Environmental Technologies for Contaminated Solids, Soils and Sediments
1st cohort

Pimluck Kijjanapanich

Sulfate Reduction for Remediation of Gypsiferous Soils and Solid Wastes


Solid wastes containing sulfate, such as construction and demolition debris (CDD), are an important source of pollution, which can create a lot of environmental problems. It is suggested that these wastes have to be separated from other wastes, especially organic waste, and place it in a specific area of the landfill. This results in the rapid rise of the disposal costs of these gypsum wastes.
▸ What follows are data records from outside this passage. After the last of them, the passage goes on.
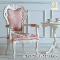 いつも上品で美しい姿を見せてくれるアームチェア。このイスは、フランスのデザインをモチーフにして作り上げました。ハイバックタイプは上品な雰囲気があり、ヨーロピアンスタイルらしい魅力があります。繊細な彫刻に金糸の入った座面生地を使い、その家具の魅力をさらに引き出しています。サロンで使われることの多いアームチェアですが、是非ご自宅で有意義な時間をお楽しみください。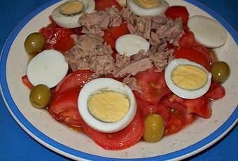 Yo, por eso de contar calorías no me pongo aceite, con el aliño del atún me sirve y también dejo aparcadas las olivas. Pero si que me unto un poco de pan en el jugo que hacen todos los ingredientes juntos, esta irresistible.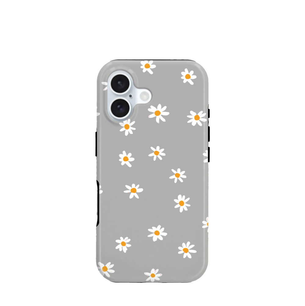 iPhone 16 Hybrid (Kunststoff / Gummi) Hülle Lily Dots - Grau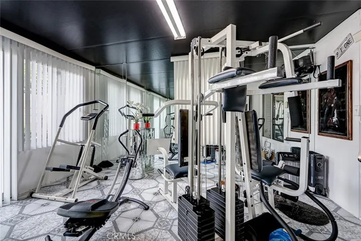Beyond the main living areas, the home features a game room with space for a full-size pool table and built-in bar seating, plus an adjacent home gym equipped with mirrored walls for a complete workout setup. A dedicated hot tub room with plantation shutters offers a private place to unwind any time of year.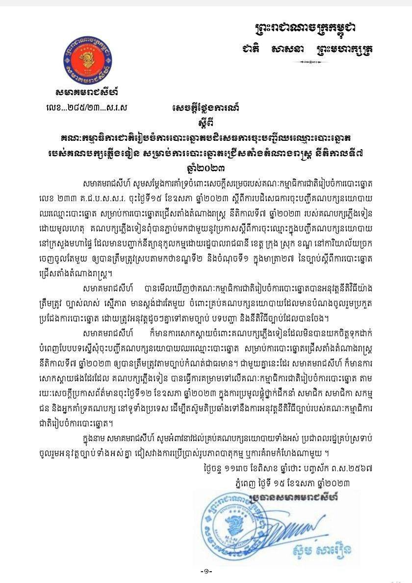 សមាគមរាជសីហ៍ ចេញសេចក្តីថ្លែងការណ៍គាំទ្រចំពោះការសម្រេចរបស់ គ.ជ.ប ដែលបដិសេធការចុះបញ្ជីឈរឈ្មោះបោះឆ្នោតរបស់គណបក្សភ្លើងទៀន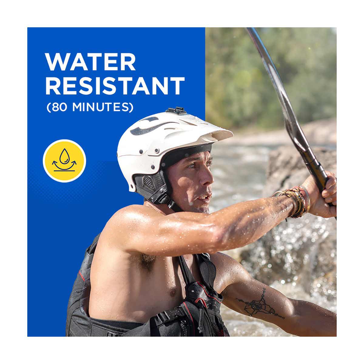- Coppertone Sport SPF 50 sunscreen lotion is water resistant (80 minutes), and stays on strong when you sweat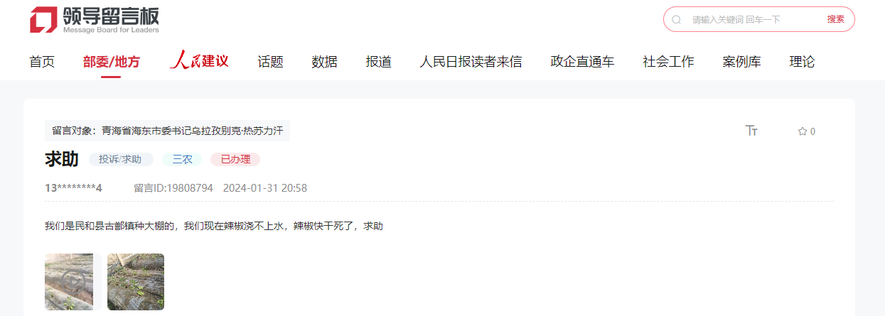 今年年初,有網(wǎng)友在人民網(wǎng)“領(lǐng)導(dǎo)留言板”留言表示,蔬菜大棚里的供水出現(xiàn)問題,作為種植戶眼看著大片農(nóng)作物因缺水無法成活,害怕影響收成所以十分著急。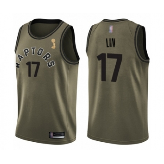 Men's Toronto Raptors #17 Jeremy Lin Swingman Green Salute to Service 2019 Basketball Finals Bound Jersey

Although these wastes can be reused as soil amendment or to make building materials, a concern has been raised by regulators regarding the chemical characteristics of the material and the potential risks to human health and the environment due to CDD containing heavy metals and a high sulfate content.

Soils containing gypsum, namely gypsiferous soils, also have several problems during agricultural development such as low water retention capacity, shallow depth to a hardpan and vertical crusting. In some mining areas, gypsiferous soil problems occur, coupled with acid mine drainage (AMD) problems which cause a significant environmental threat. Reduction of the sulfate content of these wastes and soils is an option to overcome the above mentioned problems. This study aimed to develop sulfate removal systems to reduce the sulfate content of CDD and gypsiferous soils in order to decrease the amount of solid wastes as well as to improve the quality of wastes and soils for recycling purposes or agricultural applications.

The treatment concept leaches the gypsum contained in the CDD by water in a leaching step. The sulfate containing leachate is further treated in biotic or abiotic systems. Biological sulfate reduction systems used in this research were the Upflow Anaerobic Sludge Blanket (UASB) reactor, Inverse Fluidized Bed (IFB) Reactor and Gas Lift Anaerobic Membrane Bioreactor (GL-AnMBR). The highest sulfate removal efficiency achieved from these three systems ranges from 75 to 95%. The treated water from the bioreactor can then be reused in the leaching column. Chemical sulfate removal (abiotic system) is an alternative option to treat the CDD leachate. Several chemicals were tested including barium chloride, lead(II) nitrate, calcium chloride, calcium carbonate, calcium oxide, aluminium oxide and iron oxide coated sand. A sulfate removal efficiency of 99.9% was achieved with barium chloride and lead(II) nitrate.

For AMD and gypsiferous soils treatment, five types of organic substrate including bamboo chips (BC), municipal wastewater treatment sludge (MWTS), rice husk (RH), coconut husk chip (CHC) and pig farm wastewater treatment sludge (PWTS) were tested as electron donors for biological sulfate reduction treating AMD. The highest sulfate reduction efficiency (84%) was achieved when using the combination of PWTS, RH and CHC as electron donors. Then, this organic mixture was further used for treatment of the gypsiferous soils. The gypsum mine soil (overburden) was mixed with an organic mixture in different amounts including 10, 20, 30 and 40% of soil. The highest sulfate removal efficiency of 59% was achieved in the soil mixture which contained 40% organic material.

The removal of sulfide from the effluent of the biological sulfate reduction process is required as sulfide can cause several environmental impacts or be re-oxidized to sulfate if directly discharged to the environment. Electrochemical treatment is one of the alternatives for sulfur recovery from aqueous sulfide. A non-catalyzed graphite electrode was tested as electrode for the electrochemical sulfide oxidation. A high surface area of the graphite electrode is required in order to have less internal resistance as much as possible. The highest sulfide oxidation rate was achieved when using the external resistance at 30 Ω at a sulfide concentration of 250 mg L-1.